Russia may supply Soviet-era engines for U.S. space rockets

Russia could soon sign a contract with a U.S. space company on the delivery of Soviet-era rocket boosters in support of the development of the Taurus II space launch vehicle, a Russian newspaper said on Wednesday.

US space rocket Ares I-X

A series of NK-33 rocket engine tests were successfully completed in early March by Russia's United Engine Corporation/SNTK in Samara. The basic NK-33 engine was originally designed and produced in Russia in late 1960s for the Russian N1 lunar launch vehicle.
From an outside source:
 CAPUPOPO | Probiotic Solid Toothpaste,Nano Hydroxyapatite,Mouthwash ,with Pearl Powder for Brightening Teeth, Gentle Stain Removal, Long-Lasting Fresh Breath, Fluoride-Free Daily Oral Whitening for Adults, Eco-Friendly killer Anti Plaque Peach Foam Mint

The Vedomosti newspaper cited SNTK executive director Nikolai Nikitin as saying that details of a future delivery contract are being discussed with its U.S. partners, Aerojet and Orbital. He did not disclose the value of the deal.

"Aerojet bought about 40 NK-33 engines in mid-1990s, paying $1 million for each unit. The U.S. company has 30 engines at present and will need 20 for 10 launches to the International Space Station," Nikitin said.
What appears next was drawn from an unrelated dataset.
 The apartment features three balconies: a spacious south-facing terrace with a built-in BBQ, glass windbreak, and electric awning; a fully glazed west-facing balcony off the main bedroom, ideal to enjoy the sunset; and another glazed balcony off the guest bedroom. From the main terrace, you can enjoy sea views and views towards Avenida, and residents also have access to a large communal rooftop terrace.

"The price for newly delivered engines should be much higher," he said, adding that comparable RD-180 space engines are sold to the U.S. by Russia's Energomash company for $6 million.

The Taurus II launch vehicle is still in development by Orbital, but the company already has a $1.9 billion contract with NASA for eight cargo missions to the International Space Station (ISS) from 2011 through 2015.

Aerojet purchased approximately 40 of the NK-33 engines in the mid-1990s and, under contract with Orbital. The company is currently modifying the engines specifically for the first stage of the Taurus II launcher.

Ron Grabe, Orbital's executive vice president and general manager of its launch systems group, said after the tests that the success of the NK-33 engine tests in Russia was an important step forward in the development of the Taurus II.

According to estimates, the U.S. companies will need more than 70 NK-33 engines in 2016-2020.

Nikitin said SNTK has about 40 engines in storage but would have to restart production if the U.S. contract is signed.

The resumption of production would cost the company about 4 billion rubles (over $135 million), the official said.

The NK-33 engine has the highest thrust-to-weight ratio of any first-stage rocket engine, and is considered by most characteristics the highest performance rocket engine ever created.